The supply chain at Whirlpool Corp. in 2000 was broken. Indeed, a manager there at the time quipped that among the four major appliance makers in the U.S., Whirlpool ranked fifth in delivery performance.

“We had too much inventory, too little inventory, wrong inventory, right inventory/wrong place, any combination of those things,” says J.B. Hoyt, who was then supply chain project director. He says a sales vice president approached him one day and said he’d accept even worse performance from supply systems if they would just be consistent rather than wildly bouncing back and forth between good and poor production and shipping plans.

So in 2001, Benton Harbor, Mich.-based Whirlpool embarked on a multiproject global overhaul of its supply chain systems. The metaproject remains a work in progress today, with a number of systems yet to be rolled out and some major technical issues to be resolved. But managers at Whirlpool say its success to date — including huge improvements in customer service and reduced supply chain costs – is providing the psychological and financial impetus to drive the remaining systems work.

Whirlpool CIO Esat Sezer says that by 2000, the company had grown by acquisition and geographic expansion to the point that old systems, stitched together by spreadsheets and manual procedures, couldn’t cope with the exploding complexity.
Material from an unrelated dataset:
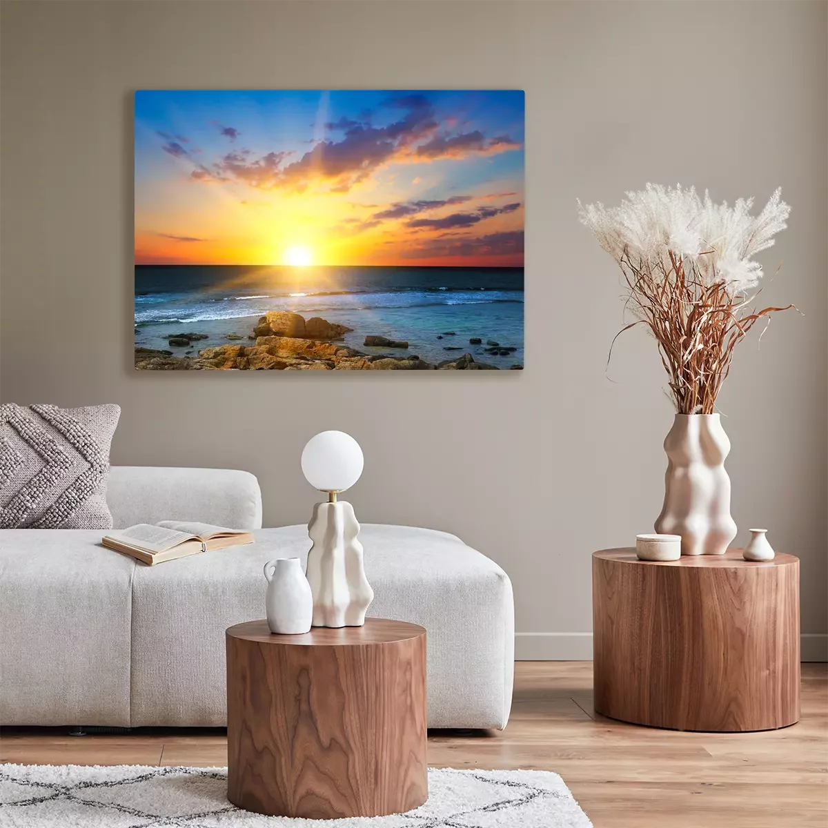 De print wordt aangebracht op hoogwaardig canvas dat op een schildersweefgetouw (spieraam) wordt gespannen. Omdat de print de zijranden bedekt, hoeft het ontwerp niet met een extra kader te worden omlijst. Wij raden ook composities aan die uit meerdere foto's bestaan en zo een coherente compositie vormen.

“Our supply chain was becoming a competitive disadvantage for us,” he says. Availability — the percentage of time a product is in the right place at the right time — was an unacceptably low 83%, even as inventories remained too high overall.

The homegrown supply systems were primitive and not well integrated with the company’s SAP ERP system, which had been installed in 1999, or with a legacy production scheduling system, Sezer says. And they weren’t integrated with the systems of major wholesale customers or suppliers of parts and materials. “The plans we were creating weren’t linking back into reality,” he says.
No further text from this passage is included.